- _Action item_: Number of lines with the string "総合的な探究の時間" in the entries below: report it, and nothing besides.

**** Source data

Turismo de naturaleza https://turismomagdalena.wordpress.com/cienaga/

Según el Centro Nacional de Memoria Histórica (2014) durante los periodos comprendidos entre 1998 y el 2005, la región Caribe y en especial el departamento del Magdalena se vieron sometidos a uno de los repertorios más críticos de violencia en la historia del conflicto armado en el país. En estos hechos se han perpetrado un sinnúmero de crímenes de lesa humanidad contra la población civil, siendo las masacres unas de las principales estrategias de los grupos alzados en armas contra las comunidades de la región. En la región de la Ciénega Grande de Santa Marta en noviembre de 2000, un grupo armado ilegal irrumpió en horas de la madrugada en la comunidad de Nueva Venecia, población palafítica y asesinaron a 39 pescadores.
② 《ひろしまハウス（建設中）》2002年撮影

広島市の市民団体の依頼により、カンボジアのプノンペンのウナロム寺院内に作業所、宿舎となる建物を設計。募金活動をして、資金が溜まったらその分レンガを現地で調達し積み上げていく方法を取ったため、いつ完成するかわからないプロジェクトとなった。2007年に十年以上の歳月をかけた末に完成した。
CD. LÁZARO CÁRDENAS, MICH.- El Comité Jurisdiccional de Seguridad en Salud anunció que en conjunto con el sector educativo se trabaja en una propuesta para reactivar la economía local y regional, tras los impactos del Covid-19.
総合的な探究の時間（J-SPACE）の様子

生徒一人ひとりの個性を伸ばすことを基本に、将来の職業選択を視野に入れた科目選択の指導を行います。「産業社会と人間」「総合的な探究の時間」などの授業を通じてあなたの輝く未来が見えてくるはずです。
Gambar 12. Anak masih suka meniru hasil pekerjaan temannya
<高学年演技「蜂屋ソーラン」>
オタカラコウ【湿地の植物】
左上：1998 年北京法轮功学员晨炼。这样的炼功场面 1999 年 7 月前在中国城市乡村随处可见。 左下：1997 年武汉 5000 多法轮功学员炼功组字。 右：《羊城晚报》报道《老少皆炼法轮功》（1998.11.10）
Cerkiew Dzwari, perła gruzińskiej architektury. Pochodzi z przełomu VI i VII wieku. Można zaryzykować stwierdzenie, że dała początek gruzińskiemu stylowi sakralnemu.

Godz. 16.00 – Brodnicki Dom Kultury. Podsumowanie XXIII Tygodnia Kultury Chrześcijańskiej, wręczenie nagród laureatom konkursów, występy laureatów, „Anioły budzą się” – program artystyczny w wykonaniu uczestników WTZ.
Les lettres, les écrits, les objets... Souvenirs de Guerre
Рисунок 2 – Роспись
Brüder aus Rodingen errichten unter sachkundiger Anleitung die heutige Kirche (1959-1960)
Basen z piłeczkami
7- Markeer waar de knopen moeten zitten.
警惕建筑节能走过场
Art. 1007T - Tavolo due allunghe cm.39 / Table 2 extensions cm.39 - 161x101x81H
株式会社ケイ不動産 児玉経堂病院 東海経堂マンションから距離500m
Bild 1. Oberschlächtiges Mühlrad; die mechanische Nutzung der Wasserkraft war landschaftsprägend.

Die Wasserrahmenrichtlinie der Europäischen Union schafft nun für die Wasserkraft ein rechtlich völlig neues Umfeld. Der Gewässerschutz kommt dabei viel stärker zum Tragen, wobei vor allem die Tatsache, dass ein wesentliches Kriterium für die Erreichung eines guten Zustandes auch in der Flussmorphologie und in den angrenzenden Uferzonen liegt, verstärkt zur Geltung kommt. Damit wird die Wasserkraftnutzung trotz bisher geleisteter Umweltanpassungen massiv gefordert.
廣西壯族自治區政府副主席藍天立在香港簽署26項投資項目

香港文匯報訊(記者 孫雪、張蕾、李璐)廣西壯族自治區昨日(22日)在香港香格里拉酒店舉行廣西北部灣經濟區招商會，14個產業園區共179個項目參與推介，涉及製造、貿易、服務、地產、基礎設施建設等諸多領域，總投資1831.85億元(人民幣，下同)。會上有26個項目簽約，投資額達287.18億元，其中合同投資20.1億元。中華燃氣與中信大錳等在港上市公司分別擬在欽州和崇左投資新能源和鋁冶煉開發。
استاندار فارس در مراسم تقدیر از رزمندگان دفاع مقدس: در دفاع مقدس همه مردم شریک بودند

********

- _Answer box_: 2